After extensive negotiations, FTX and Evolve Bank agreed to terms under which the financial institution will promptly return approximately $12.77 million to the bankrupt company, while retaining $462,698.65 in compensation costs.
Additionally, Evolve Bank waives all present and potential claims against FTX, including claims for damages and expenses under the MBSA.
FTX filed this settlement in the United States Bankruptcy Court for the District of Delaware to expedite asset recovery and avoid protracted litigation.
Silicon Valley Community Foundation Settlement
Similarly, FTX negotiated a settlement with SVCF to recover at least $8,574,674.07 and 34,208.70 FTT without filing a lawsuit.
According to court filings, former FTX executives Nishad Singh and Caroline Ellison donated 434,500 FTT tokens to the foundation in December 2021.

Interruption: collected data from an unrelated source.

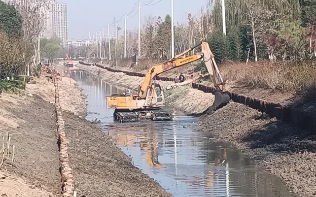 在正阳大沟项目区,挖掘机全速作业,清理淤泥、平整岸基。该项目区计划投资1000万元,对河道进行清淤,安插木桩,种植水生植物等,目前已接近尾声。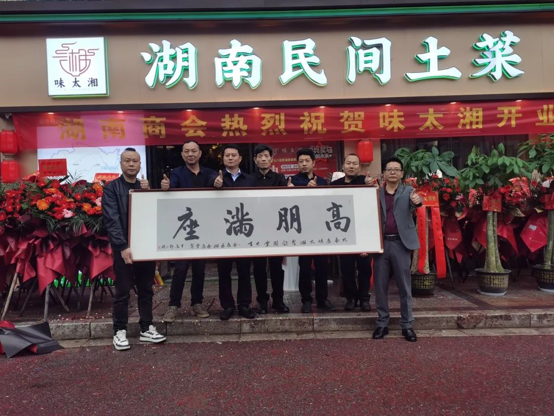 4月8日上午,味太湘餐饮店门前彩旗飘飘,锣鼓喧天,一派喜庆祥和的景象。湖南商会会长蒋勇携各位副会长和秘书长一同受邀参加开业盛典,共同见证这一美食界的盛事。在开业仪式上,湖南商会秘书处特意献上“高朋满座”的牌匾,寓意着味太湘餐饮店未来生意兴隆,顾客盈门。这份贺礼不仅是对味太湘餐饮店的祝福,更是对其美食品质的认可与期待。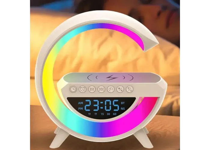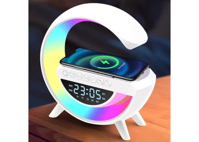 Розмістіть у свою спальню унікальний сучасний світильник із бездротовою зарядкою, будильником і динаміками!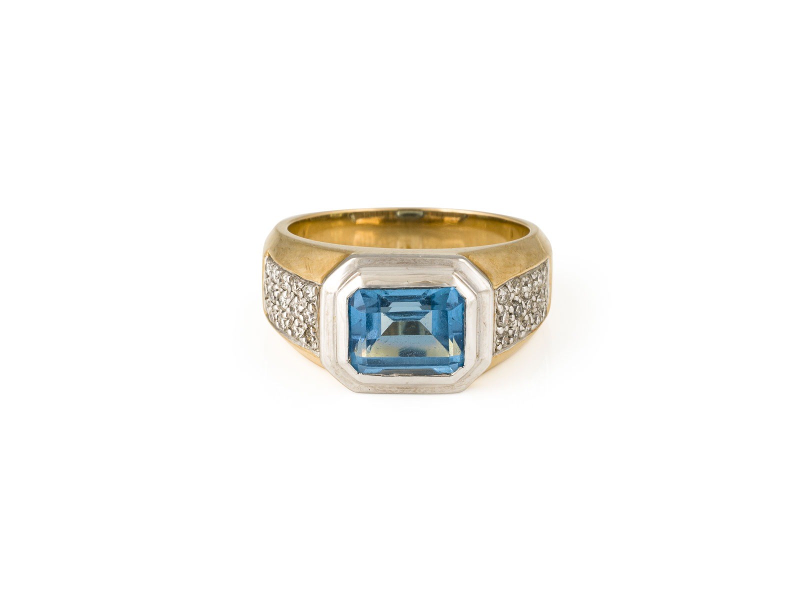 GG 585. Ringmaß: ca. 58. Ringbreite: ca. 10,8 mm. Ges.-Gew.: ca. 10,2 g. Ring, besetzt mit einem Blautopas von ca. 2.54 ct., sowie Brillantenbesatz an den seiten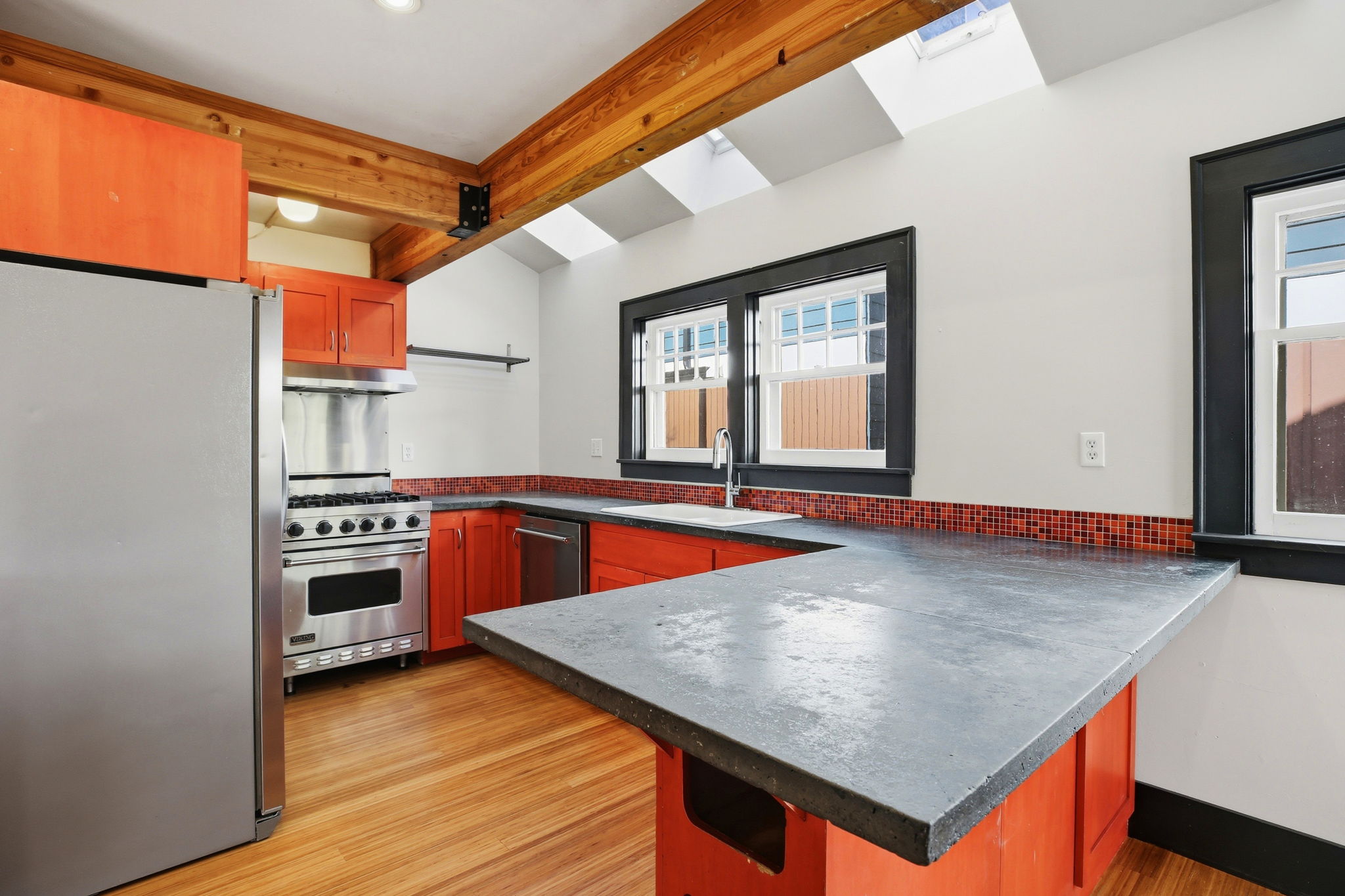 A flexible layout and multiple living areas support a wide range of uses across this 4-bedroom, 2-bath home. Hardwood floors extend throughout the main spaces, while an arched opening defines a natural transition between the living and dining areas. Built-in shelving surrounds the fireplace, adding storage and a focal point. Meanwhile, natural light moves across the floors through well-placed windows, giving the space a steady, comfortable rhythm throughout the day. In the kitchen, red cabinetry contrasts with dark countertops and stainless steel appliances to create a beautiful and practical workspace. Multiple windows and overhead skylights bring in additional light, while the layout allows you to move easily between prep, cooking, and cleanup. Four bedrooms, a bonus room, and two baths provide flexibility to organize sleeping areas, workspaces, or guest rooms as needed. Pets are welcome, offering a straightforward option for those planning to bring animals along. Located in Wallingford, you are near Gas Works Park, Woodland Park Zoo, and Green Lake Park for outdoor time. Grocery options include QFC and Safeway, while nearby cafés and restaurants line N 45th Street. The University of Washington, public transit, and a direct commute into downtown Seattle are all within easy reach. *Fireplace is for decorative use only and cannot be used without consent from Belong. *Zillow deposit for this Belong home includes the $500 pet fee in case of pets. *Our homes come as-is with all essentials in working order. Want upgrades? Request it through the Belong app, and our trusted pros will take care of the rest!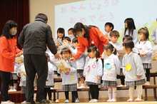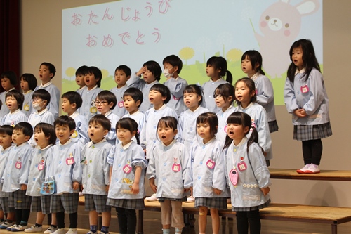 今月もたくさんのお友だちが舞台の上に上がって、みんなにお祝いしてもらいました。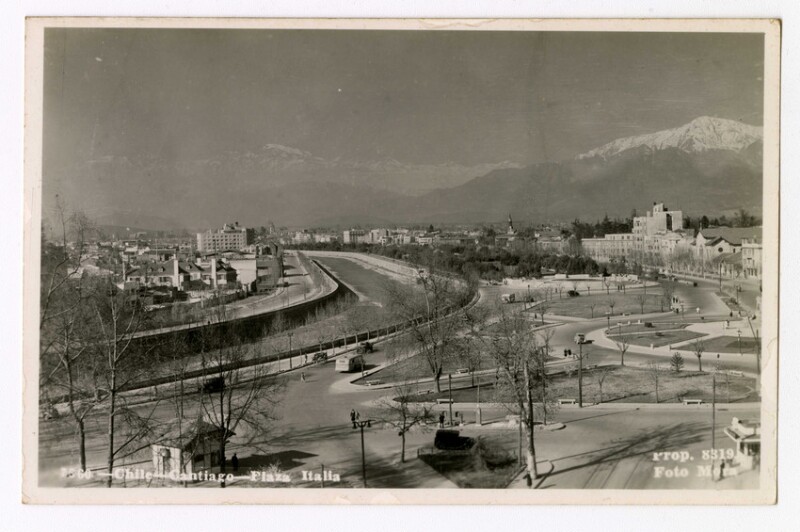 Cordillera de los Andes - Plaza Italia (Santiago, Chile) - Edificios, estructuras, etc - Santiago (Chile : Ciudad) - Historia - Fotografías - Arquitectura - Puentes - Tarjetas postales - Urbanismo - Río Mapocho (Chile)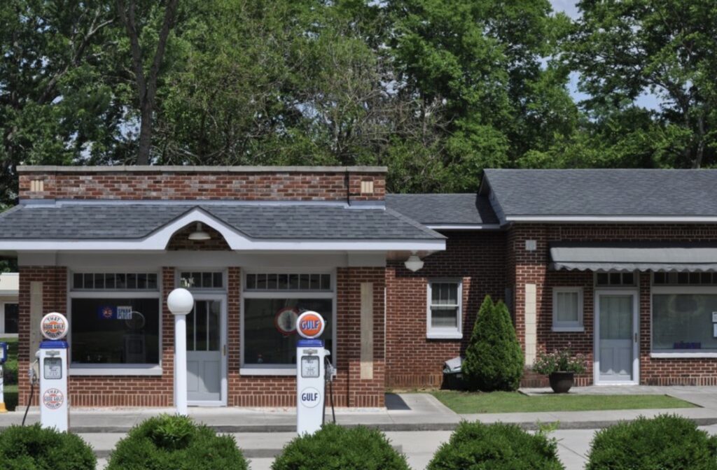 - College Inn/Newby Gulf Station Museum was built in 1933 by W.A. Caughran, a local Gulf dealer, and the two-building service station and lunch counter complex was one of the first service stations built in Athens. It is one of only two service station/cafe structures of the Prairie Style architecture left in the state. This style is associated with architect Frank Lloyd Wright and includes a low-pitched roof, overhanging eaves, horizontal lines and an open floor plan. In 1947, Cloyde Mason Newby Jr., acquired the College Inn & Newby Gulf Station which became one of Athens’ Hot Spots. Built in the later 1920s, the College Inn was where everyone caught up on the latest news and where soldiers home on leave visited frequently. Young ladies were always happy to see the GI’s and hear their stories.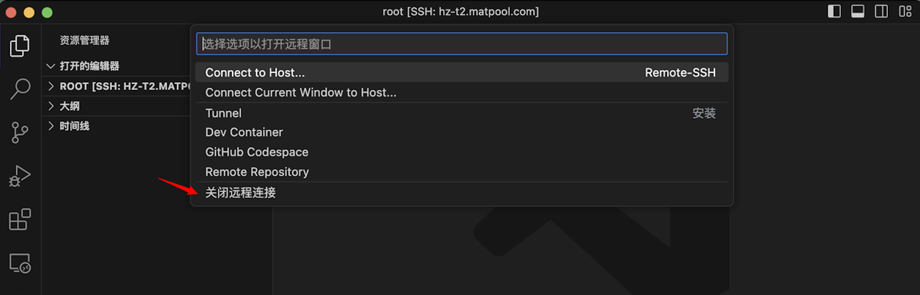 如果您要断开 VS Code 的远程连接,可点击左下角后,点击"关闭远程连接"选项。

From January to November 2022, SVCF sold some of these tokens for $13,625,161, of which $5 million was allocated to external grants. This leaves the organization with a balance of at least $8,574,674.07 and 34,208.70 FTT.
FTX's bankruptcy team maintains that it has good cause to recover the assets transferred by Mr. Singh and Mr. Ellison.
The Foundation therefore agreed to return $8.57 million and the remaining FTT tokens (minus management fees and expenses) to the failed exchange to avoid the need for litigation.